Aucune explication sur Internet. La traduction de l’espagnol
ou du catalan au français du mot
« Ferrada » ne donne rien. Un temps, nous avons envisagé que
la traduction était : « porte (à arc) en fer à cheval ».
Mais dans ce cas, la locution exacte aurait été : « Porta
Ferradura ».
Toujours est-il que cette porte est bien
dotée d’arcs « en fer à cheval » (circulaires outrepassés).

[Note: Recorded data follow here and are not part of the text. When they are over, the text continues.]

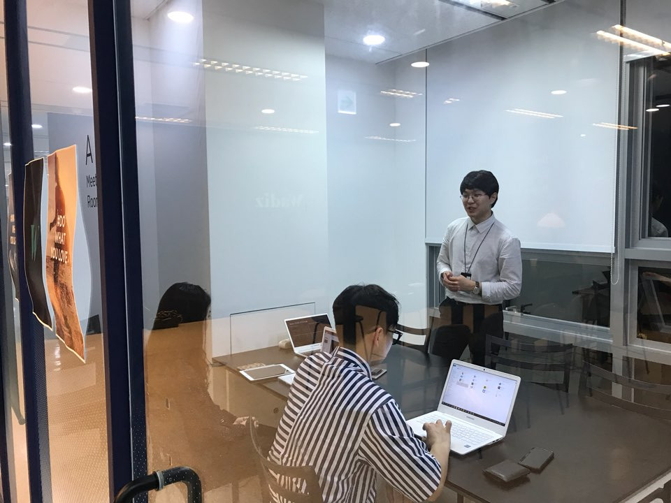 ① 우리는 모바일 오피스, 모바일 워킹을 지향합니다. 각자의 성과를 발표하는 수요일 오전을 제외하고는 사무실로 출근하는 것을 강요하지 않습니다. 오히려 밖에서 그러니까, 현장에서 일을 하는 것을 더욱 장려합니다.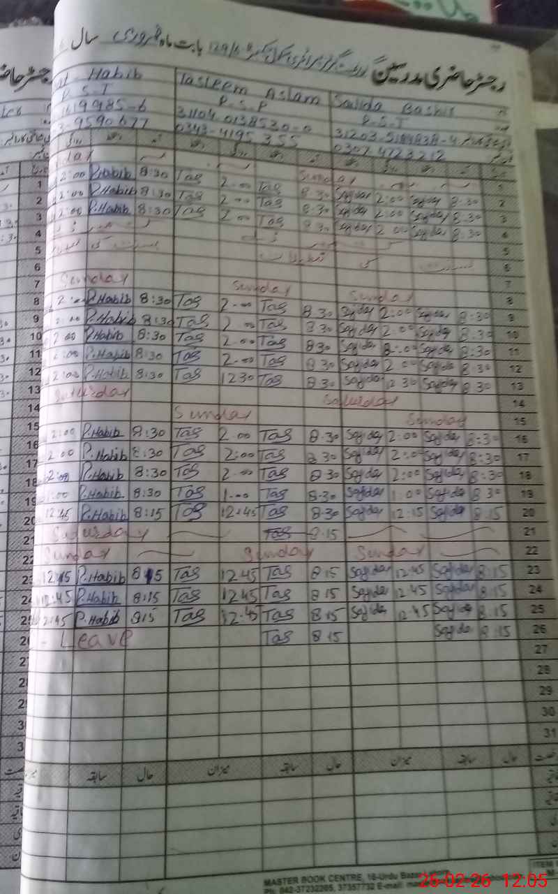 | CNIC | Full Name | Designation | R/C | Absence During Last Calender Month |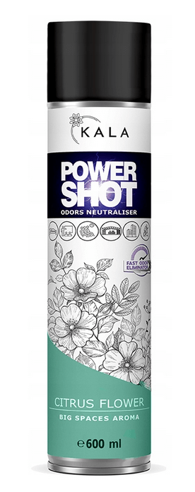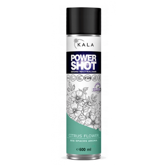 Neutralizator nieprzyjemnych zapachów, odświeżacz Kala POWER SHOT zapach CITRUS FLOWER (600 ml) to zapach, w którego składzie połączyliśmy zapachy kwiatowe oraz cytrusowe. CITRUS FLOWER to bardzo uniwersalny zapach, którego możliwości zastosowania są bardzo szerokie. Neutralizator nieprzyjemnych zapachów, to produkt z rewolucyjnym sposobem dozowania, dzięki któremu jedno naciśnięcie wentyla (ok 1 sekunda) neutralizuje nieprzyjemne zapachy oraz aromatyzuje około 200 m3. W składzie POWER SHOT obecne są substancje czynne, dzięki którym nieprzyjemne zapachy są neutralizowane a nie jak w przypadku większości odświeżaczy przykrywane. Wraz z neutralizacją nieprzyjemnych zapachów POWER SHOT zapewnia również aromatyzację przestrzeni jednym z 6 dostępnych w gamie POWER SHOT zapachów.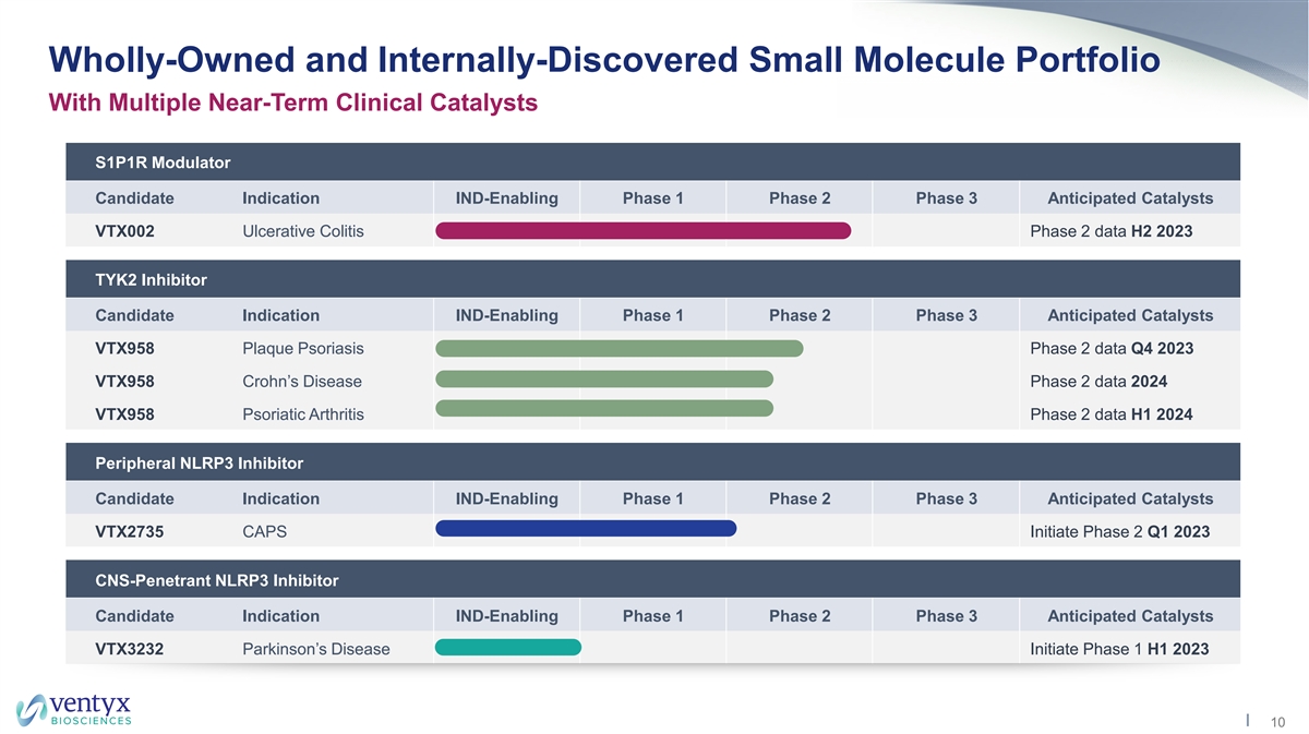 Disrupting Biologic-Dominated Immunology Markets With Differentiated Safe and Effective Oral Agents • Target indications remain underpenetrated • Paucity of oral agents with attractive risk/benefit profiles • Chronic disease populations - patients commonly cycle through therapies: – Suboptimal response rates in many autoimmune diseases (IBD, PsA, lupus) – Loss of response to biologic therapies over time (e.g. anti-drug antibodies) – Aversion to administration profile of available biologic therapies $70B 2 >11 million US patients $51B Dominated by injectable biologics High demand for oral agents 2021 2022 2023 2024 2025 2026 2027 2028 PsO CD UC PsA SLE PsO: plaque psoriasis; PsA: psoriatic arthritis; SLE: systemic lupus erythematosus; UC: ulcerative colitis; CD: Crohn’s disease. 1. 2021 total WW sales in PsO, PsA, SLE, UC, and CD per EvaluatePharma sourced in December 2022. 2. Epidemiology from CCFA, National Psoriasis Foundation, Lupus Foundation of America. 9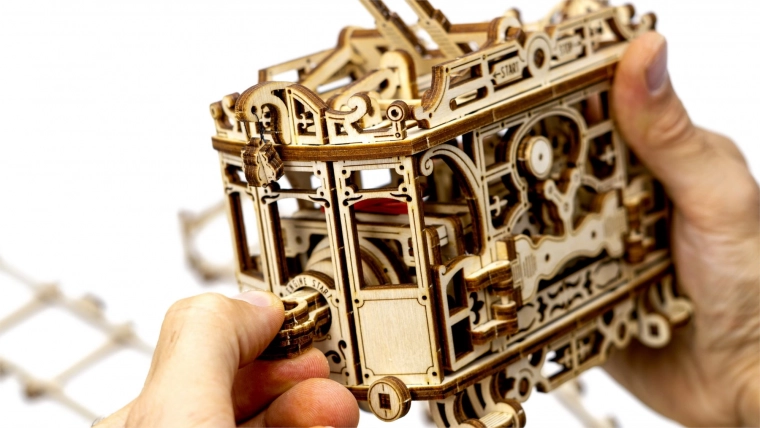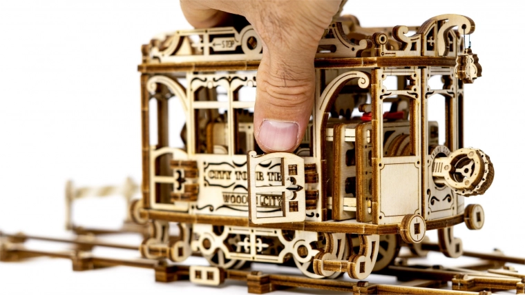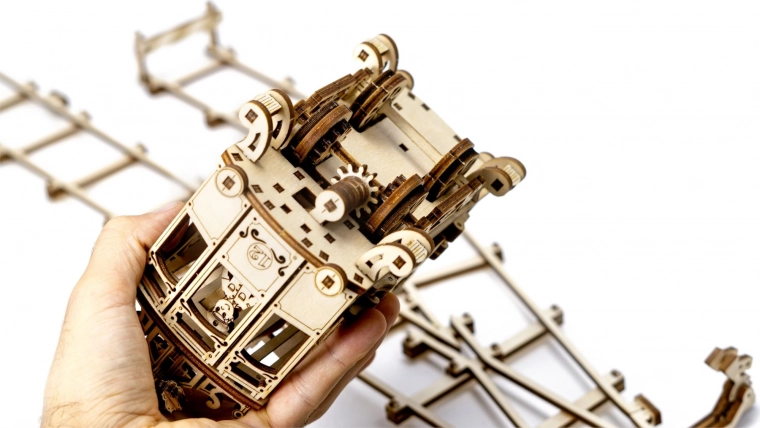 Denne præcist udskårne sporvogn i birkekrydsfiner giver en autentisk mekanik-oplevelse – fra tandhjul og gear til elastikmotoren. Efter samling kører sporvognen på de medfølgende skinner og glæder med jævn gang og elegant design.
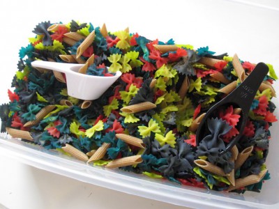- Agregar elementos adicionales: Elementos de cocina, como cucharas, embudos, recipientes medidores. También, si se quiere crear un Mundo Pequeño, podemos incorporar autos de juguete, animales plásticos, partes sueltas (elementos diversos), y podemos preparar nuestra Caja Sensorial inspirada en algún Tema en particular (las Estaciones, basarnos en algún libro, la playa, colores, entre otros).

Cet outre-passement apparaît peu dans la partie supérieure (image 3 : dans ce cas
on parlerait plutôt « d'arcs surhaussés » ; image
4 : un peu plus visible). Il est nettement plus
manifeste dans la partie inférieure (image
5). Pour une raison que nous ignorons, l’arc médian
est plus petit que les arcs qui l’encadrent.
Datation
Il est très difficile d’évaluer ce type de monument. Une
première raison vient du fait qu’il semble avoir été très
profondément restauré. Si les arcs outrepassés de la partie
inférieure semblent d’origine, les fenêtres triples de la
partie supérieure ont été très probablement reprises. La
question est de savoir si les arcatures du bord du toit sont
au moins en partie authentiques. Elles s’apparentent à des «
arcatures lombardes ». Cependant nous pensons que les «
arcatures lombardes » ont été utilisées pour remédier au
voûtement des églises en épaississant les murs gouttereaux
au niveau de la bordure du toit. Or ici, nous ne pensons pas
que le toit ait été voûté.
La deuxième raison vient du fait que dans ce cas, les
critères d’évaluation utilisés pour les autres édifices sont
pratiquement absents : ce n’est pas une église à trois
vaisseaux, il n’y a pas d’iconographie particulière, pas de
symbole caractéristique.
Les seuls indices sont très ténus : l’arc outrepassé semble
avoir disparu en Catalogne aux alentours de l’an mille. Un
autre indice tient au fait que les chapiteaux sont dépourvus
de tailloirs (images 6, 7
et 8).
La première fois que nous avons vu cet
édifice, nous nous sommes demandés quelle pouvait être son
utilité. Un détail nous avait échappé. Il est visible sur l'image 9. Et plus
encore sur l'image 1. On
y voit apparaître, en arrière du bâtiment le fronton d’un
grand bâtiment qui ne peut-être qu’une église (ou les restes
d’une église). Sur l'image
1, on voit même les fenêtres supérieures (dont une
en forme de croix) de la façade Ouest de cette église,
façade qui pourrait être antérieure à l’an 1000.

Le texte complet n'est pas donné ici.